Many cancers defy treatment despite substantial investments in the development of anticancer drugs. Those cancers that do respond to chemotherapy often evolve resistance, necessitating a steady supply of new therapies. An alternative strategy is needed that takes into account evolutionary theory. The recalcitrant nature of cancer lies in its origin and treatment. Sustained selective pressure during neoplasia and chemotherapy favors cells with an elevated mutation rate (“mutator phenotype”) that acquire adaptive mutations more readily (1, 2). Mutator phenotypes result in reservoirs of genetically diverse cells from which resistance arises. The unifying feature of many of these cells is a mutator allele. Thus, therapies that target mutator phenotypes represent a rational way forward. Attenuation of mutator phenotypes may slow tumor progression or improve conventional chemotherapy by slowing the evolution of drug resistance. Alternatively, synthetic–lethal interactions between mutator phenotypes and other pathways may be used to kill tumor cells selectively. Increasing mutation rate beyond a threshold may compromise replicative fitness directly or enhance the overall immunogenicity of the tumor clone.

The best-characterized mutator phenotype in cancer derives from mismatch repair (MMR) defects, which increase point mutation rate and microsatellite instability. MMR defects lead to colorectal cancer (CRC) and endometrial cancer (EC) (3), among others. MMR cooperates with DNA polymerase proofreading to correct polymerase errors, which are the most abundant known source of potential mutations in dividing cells (4). Recently, germline and somatic mutations have been described affecting human POLE, encoding the catalytic subunit of polymerase (Pol) ε. Evidence from yeast and human studies indicates that Pol ε performs the bulk of leading strand DNA replication (5–9). POLE mutations affecting the proofreading exonuclease are found in 3% of CRC and 7% of EC (6, 10–14). Mutations affecting the proofreading function of Pol δ, the main lagging strand DNA polymerase, were also observed, although less frequently (6, 10–14). These observations support the hypothesis that maintenance of DNA replication fidelity restrains neoplasia in humans, as first observed in mice (15–17), and advance mutator polymerases as important targets to consider for therapeutic intervention.

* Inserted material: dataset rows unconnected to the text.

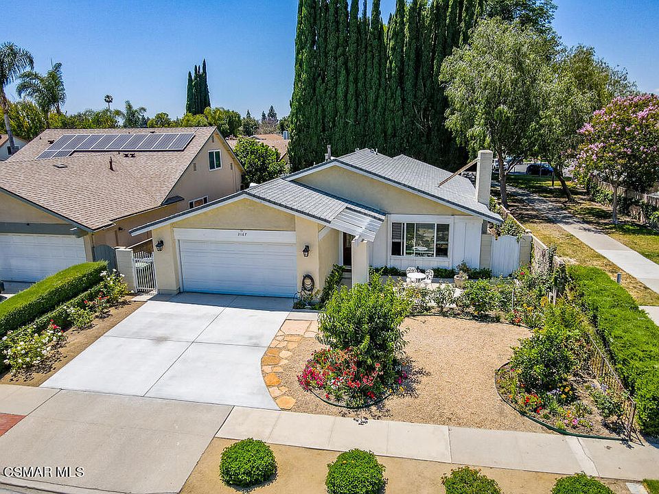 Welcome to this charming 3 bed, 2 bath single story home situated in the heart of Simi Valley in the highly sought-after Tempo community. This light and airy turnkey home features vaulted ceilings and has been beautifully updated with laminated wood floors, newer windows, HVAC system and stone fireplace. A chef's kitchen featuring a repurposed wood accent wall, custom cabinetry, granite countertops and stainless appliances opens to a spacious great room, ideal for entertaining and comfortable living, with doors that lead outside to a lush, landscaped backyard. The garden is blooming with a variety of flowers and fruit trees that have been purposefully planted to create feng shui harmony and balance.Enjoy beautiful Sequoia Park views from your living room and pleasure in peaceful strolls, jogging or walking pets in the adjacent greenbelt. Ideally located, this delightful home is close to the local elementary and high schools, shops and restaurants.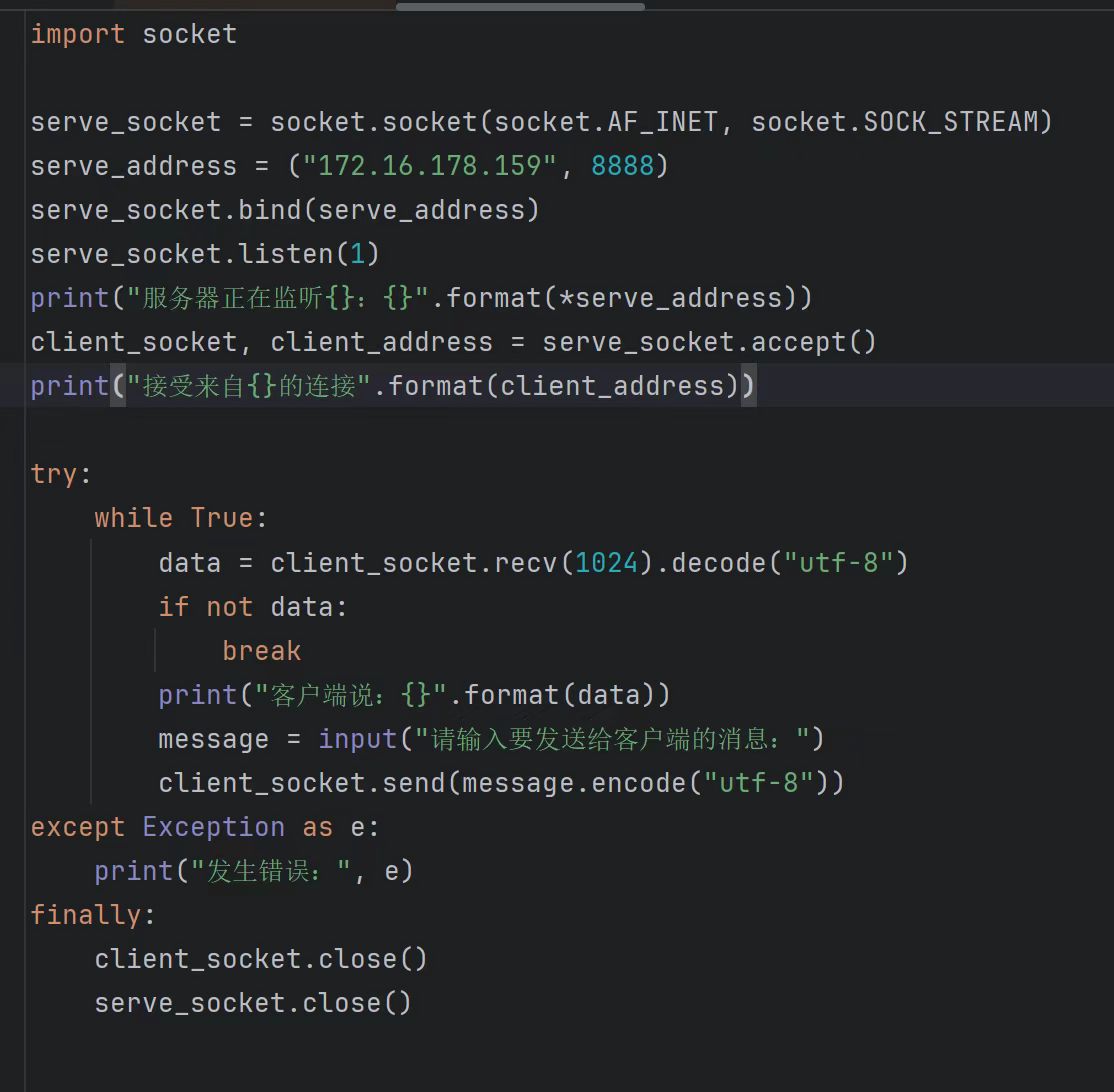 (1)创建服务端和客户端,选择一个通信端口,用Python语言编程实现通信演示程序;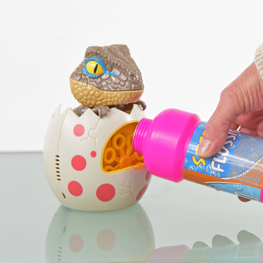 - Lieferumfang: 1x Dinosaurier im Ei Seifenblasenpistole bestehend aus 1x Seifenblasendino und 1x Seifenblasenflüssigkeit.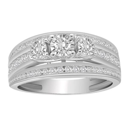 LADIES RING 0.75CT ROUND DIAMOND 10K WHITE GOLD
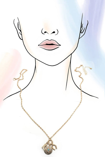 Bold cluster charm necklace celebrates Western style with intricately designed charms, including a cowboy boot, a lucky horseshoe, and a striking bull. Suspended from a sturdy chain, these charms embody rustic charm and adventurous spirit, making it the perfect accessory for Western enthusiasts.

Given the high conservation of DNA replication machinery, the yeast Saccharomyces cerevisiae represents an ideal system with which to identify genetic pathways that influence mutator phenotypes (18–20). The pol2-4 allele, encoding proofreading-deficient Pol ε, is lethal in strains lacking all MMR activity [e.g., deletion of MutS homologue (MSH) 2 (msh2Δ)] (19). This “error-induced extinction” is surmounted by “antimutator” mutations affecting the Pol ε catalytic subunit, as well as by unidentified mutations elsewhere in the genome (19). Mutants harboring these unidentified mutations constitute the vast majority (96%) of strains that escape error-induced extinction of pol2-4 msh2Δ cells, providing tantalizing evidence that other factors besides Pol ε and MMR influence leading strand replication fidelity.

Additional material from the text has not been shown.